- Born: Georgetown, Guyana
- Education: Princeton University
- Occupations: screenwriter; comics author; film producer; journalist;

= Selwyn Seyfu Hinds =

Guyanese-American screenwriter and journalist

Selwyn Seyfu Hinds is an American screenwriter, comic book writer, film producer and former editor and journalist. He has been editor-in-chief of the hip-hop magazine The Source. He has written for The Twilight Zone 2019 TV series produced by Jordan Peele, and he has been selected to write and co-executive produce the TV series adaptation of Nnedi Okorafor's award-winning novel Who Fears Death?, with George R. R. Martin as executive producer. He is the creator, showrunner, and executive producer on the Hulu 2025 limited series Washington Black, based on the 2018 novel by Esi Edugyan.

== Biography ==
Hinds was born and raised in Georgetown, Guyana, during the 1970s, until his family moved to Brooklyn, New York City in the United States when he was 14 years old in the 1980s.

He graduated from Princeton University, then started working as a journalist for The Village Voice.

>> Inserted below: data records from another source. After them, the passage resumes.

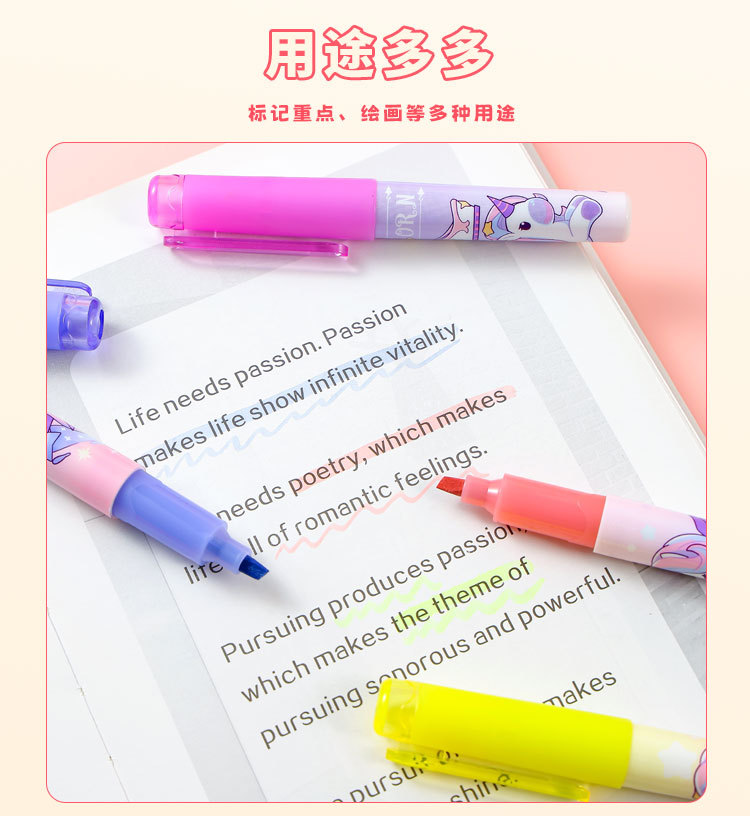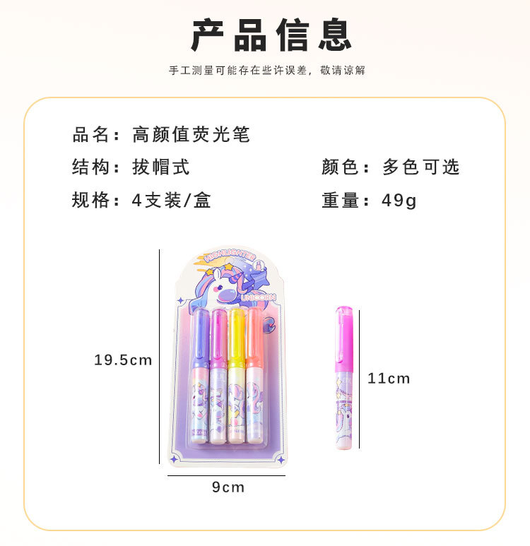 | Color de la pluma | 4 [bolígrafos fluorescentes unicornio] |
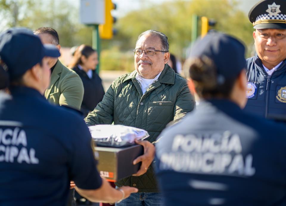 La entrega del equipamiento estuvo encabezada por el Alcalde Andrés Mijes, quien estuvo acompañado por Omar Amador Escobar, Comisionado de la Secretaría de Seguridad y Protección Ciudadana y Marco Antonio Zavala, Secretario de Seguridad Ciudadana.
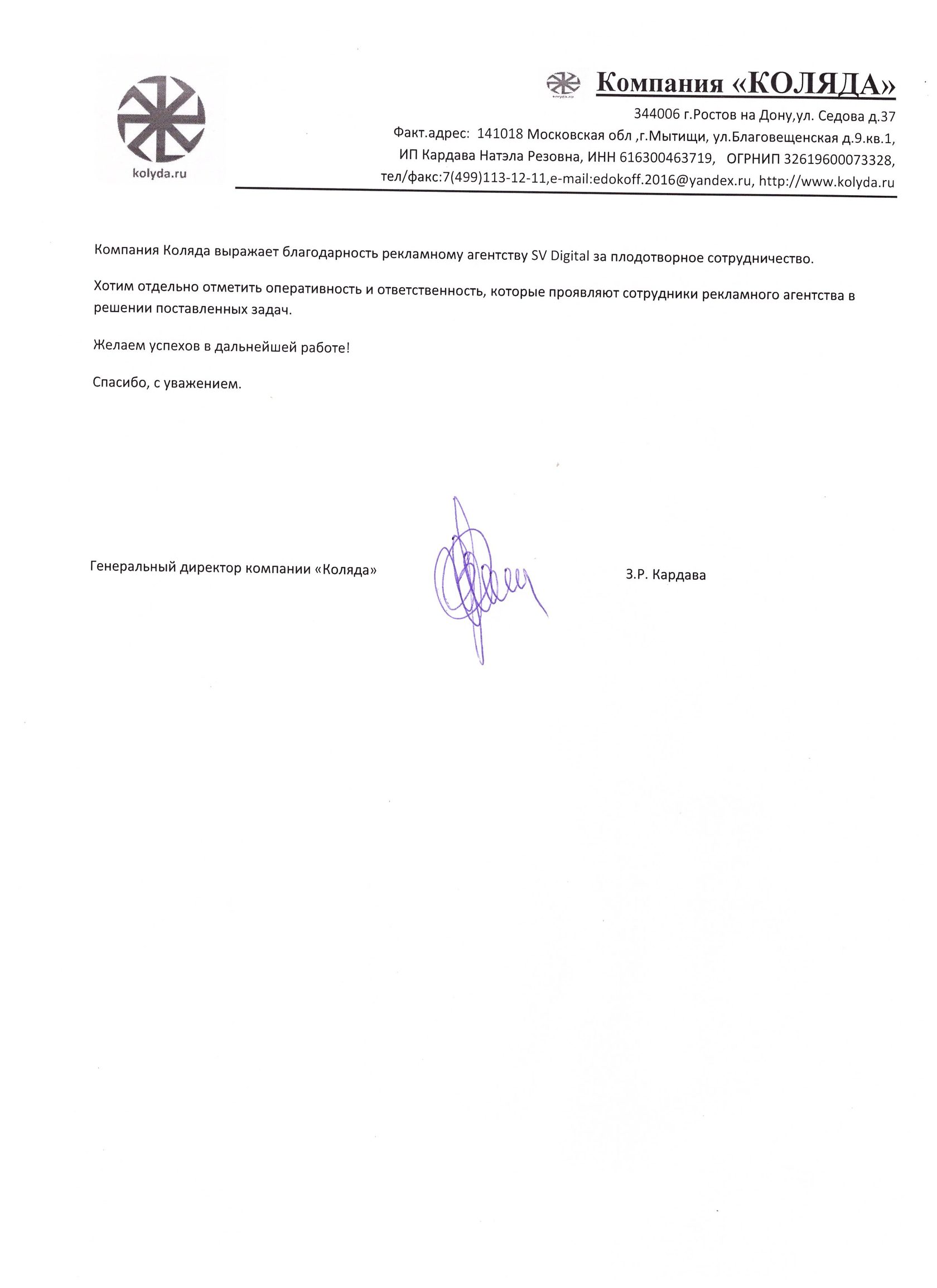 Компания Коляда выражает благодарность рекламному агентству SV Digital за плодотворное сотрудничество.
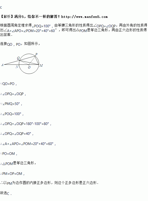 ,以为边作圆的内接正多边形,则这个正多边形是( )![]()
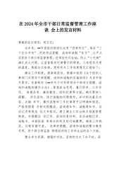 在2024年全市干部日常监督管理工作座谈会上的发言材料尊敬的各位领导,同志们:近年来,**市委组织部深化运用“四种形态”,落实“三个区分开来”,用好用活提醒、函询和诫勉“良方”,从严从实抓好干部日常监督管理,经常性咬耳扯袖,防止“小毛病”演化成大问题,让监督既有纪律警示的硬度,又有组织关爱的温度。根据会议安排,现将有关工作进展情况汇报如下:健全工作制度,提高规范性。根据中组部《关于组织人事部门对领导干部提醒、函询和诫勉的实施细则》及省市相关要求,完善制定《**市关于对科级领导干部进行提醒、函询和诫勉的操作办法》,聚焦政治思想、履行职责、工作作风、道德品质、廉政勤政、组织纪律等方面,确定需纳入提...
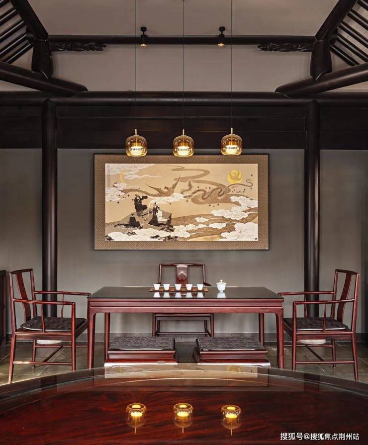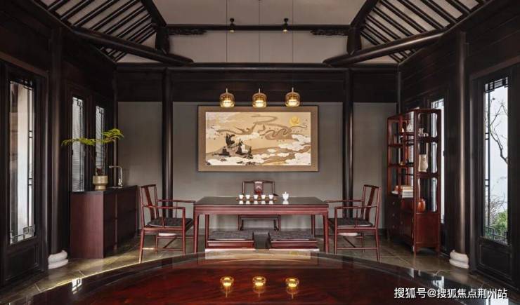 水榭悬挑于水面,可俯瞰水中倒影,可观赏游鱼,还可抚琴品茗下棋书画闻香,不失清雅之境。水榭“暖阁”家宴厅由传统建筑营造方式建造,坡顶梁柱结构。三面落地门窗,可开可合。在此品茶论道,宴请宾客,“谈笑有鸿儒,往来无白丁”。茶桌背景墙的挂画来自当代画家、山东画院院长孔维克的《一山一水一圣人》。
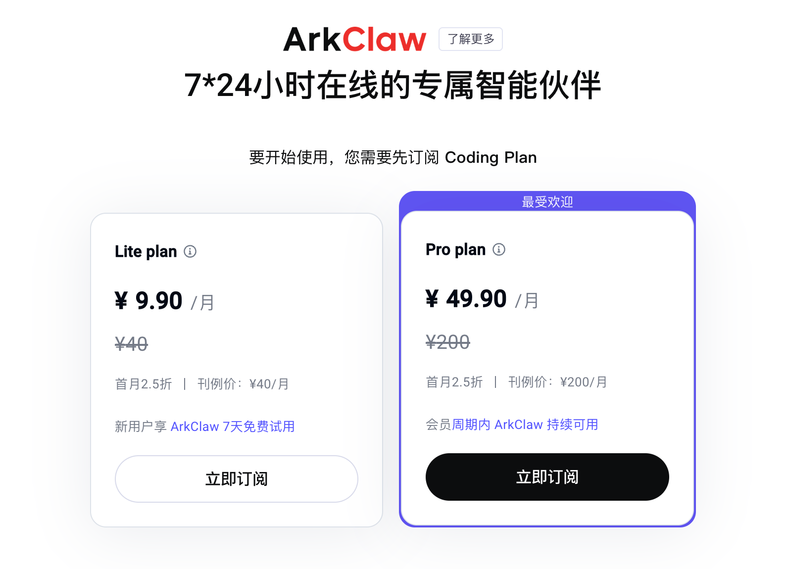 Lite & Pro Plan 订阅用户都可以免费使用 ArkClaw:
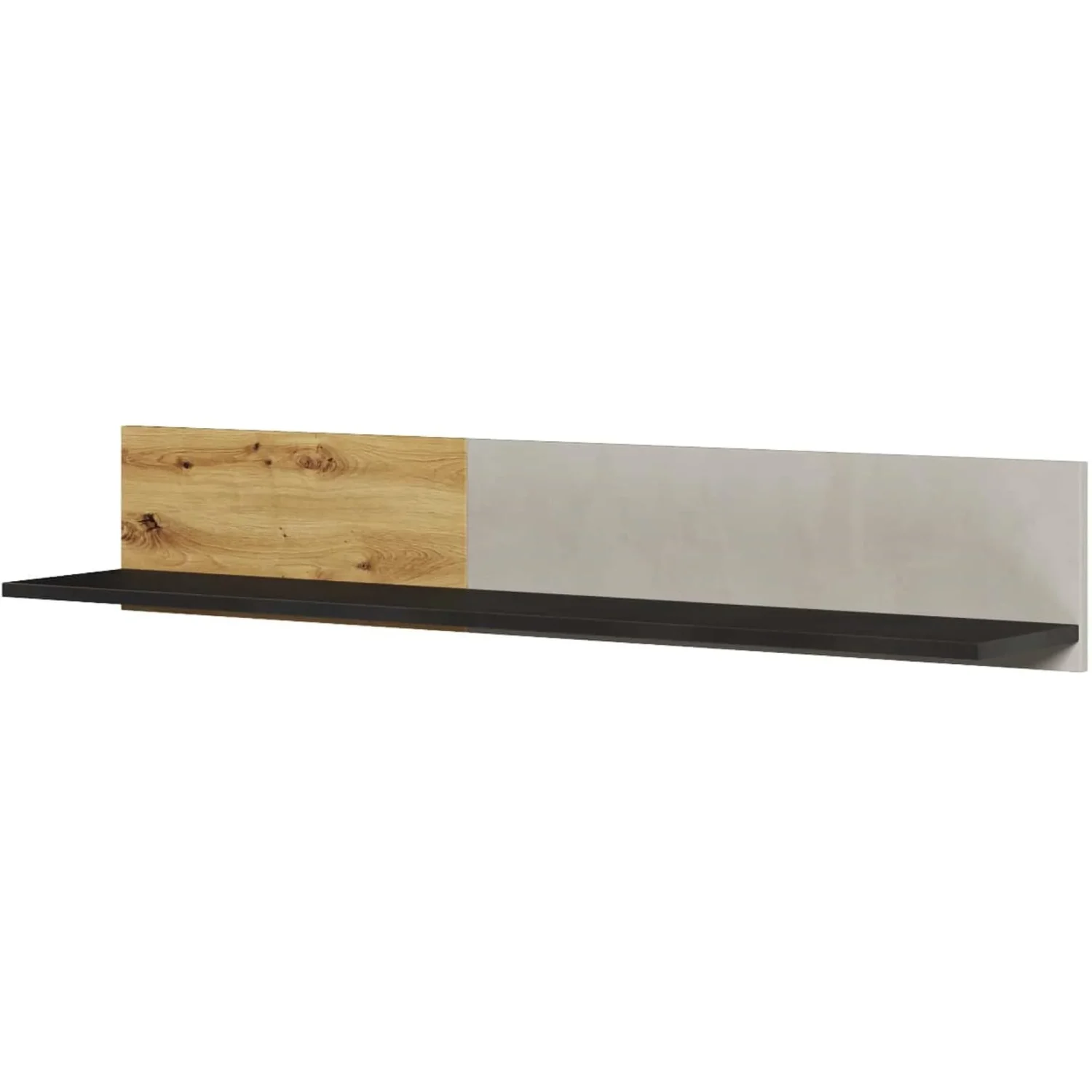 Ein praktisches Hängeregal für Bücher und/oder Dekorationen. Dank ihm werden Sie die Wände als Stauraum nutzen. Es sieht toll aus, wenn es über anderen Möbeln aus der QUBIC-Kollektion aufgehängt wird – einem Schreibtisch, Bett oder einer Kommode. Das Regal wurde in drei Farben hergestellt – hellgrau und mit Holz- und Rohstahldekoren, was ihm einen interessanten, modernen Charakter verleiht. Das Möbelstück ist aus strapazierfähiger laminierter Platte gefertigt und mit einer haltbaren ABS-Kantenumrandung versehen.

In the late 1990s, he became a hip-hop critic then editor-in-chief at The Source magazine. As such, he is deemed to have played an important role in the hip-hop scene, helping to propel the careers of artists like Jay-Z or Lauryn Hill and creating space for hip-hop culture on the internet.

In 2012, Hinds wrote a supernatural comic book, Dominique Laveau: Voodoo Child, drawn by African-American comic-artist Denys Cowan, and published by Vertigo Comics.

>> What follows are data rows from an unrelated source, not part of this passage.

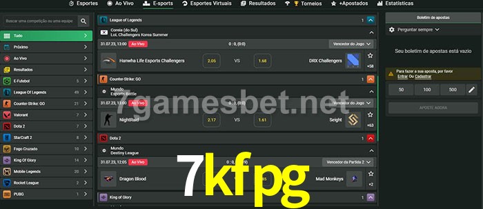 O 7kfpg oferece uma grande seleção de opções de apostas em e-sports com probabilidades competitivas
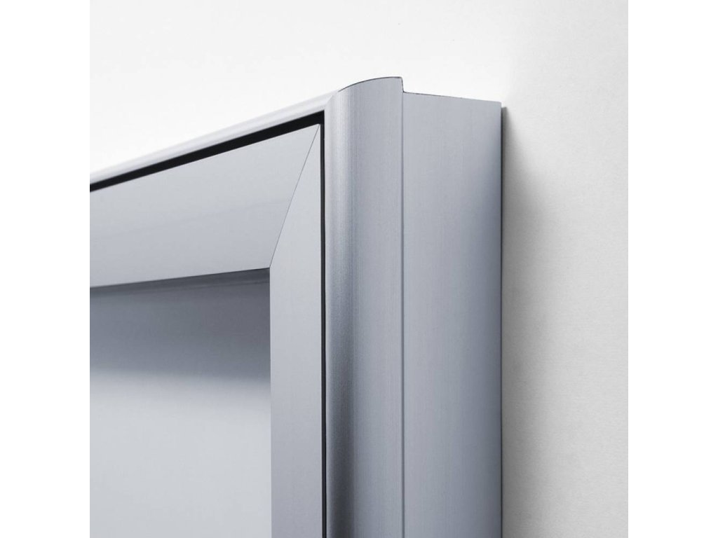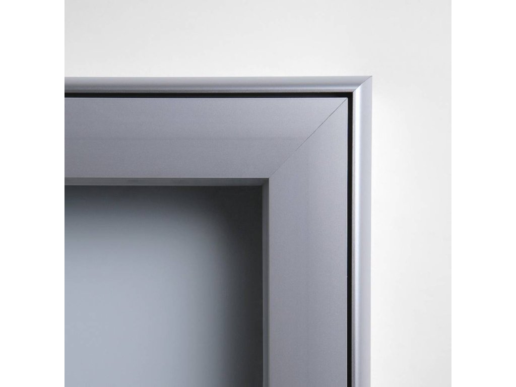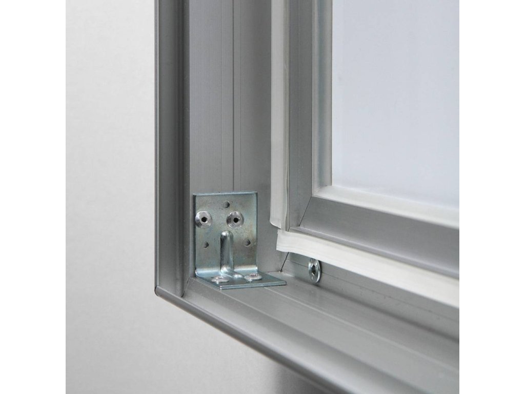 Venkovní robustní extra hluboká vitrína, velikosti 24xA4, se stříbrně eloxovaným rámem. Skleněná výplň čelních dveří je z bezpečnostního skla (4mm), čelní dveře jsou osazeny gumovým těsněním, což zajišťuje její voděodolnost. Venkovní vitrína má silné hliníkové profily a ocelovou lakovanou zadní stěnu, která je popisovatelná a magnetická. Snadnou manipulaci zajišťují horní panty dveří s plynovými otvíracími písty.
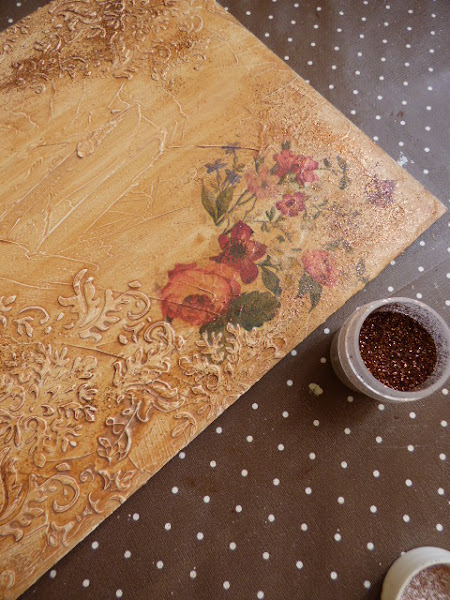Hace unos meses recibí un montón de cositas de manualidades, de parte de una amiga de mi madre, que después de años de ir a clases, quería deshacerse de todo su material de manualidades. Entre muchas cosas, habían unos botecitos de purpurina....la de este color marrón cobrizo me iba de maravilla para este trabajo.
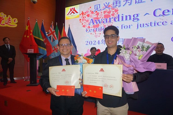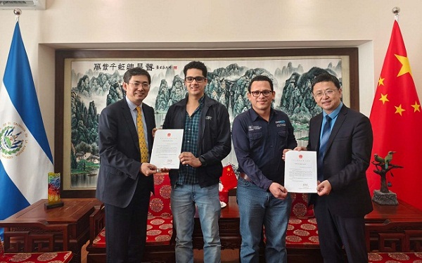 Raul Cortez (2nd from right) and Danilo Vega (2nd from left) are recognized at the Chinese Embassy in El Salvador on Nov 6. [Photo/Embassy of the People's Republic of China in El Salvador]

In 2017, it was announced that Hinds was to be the writer and co-executive producer of the TV series adaptation of Nnedi Okorafor's award-winning science-fiction novel Who Fears Death?, with George R. R. Martin as executive producer.

In 2019, Hinds is remarked for writing an episode of The Twilight Zone 2019 reboot TV series produced by Jordan Peele. The episode is called "Replay" and was said to be a "superior episode" by The Atlantic. CNET also focused on this particular episode because of its treatment of racial issues. Hinds commented on this opportunity for people of color, saying there was "a moment in Hollywood where our voice is coming to prominence".

In 2021, Hinds, co-producing with Sterling K. Brown, sold a limited series adaptation of the novel Washington Black to Hulu. Hinds served as creator, showrunner, and executive producer of the series which premiered on July 23, 2025. In 2022, he formed Mad Massive Entertainment, a film and television production company with a television overall at Universal Content Productions. He also signed a deal to adapt the graphic novel series The Sixth Gun for television.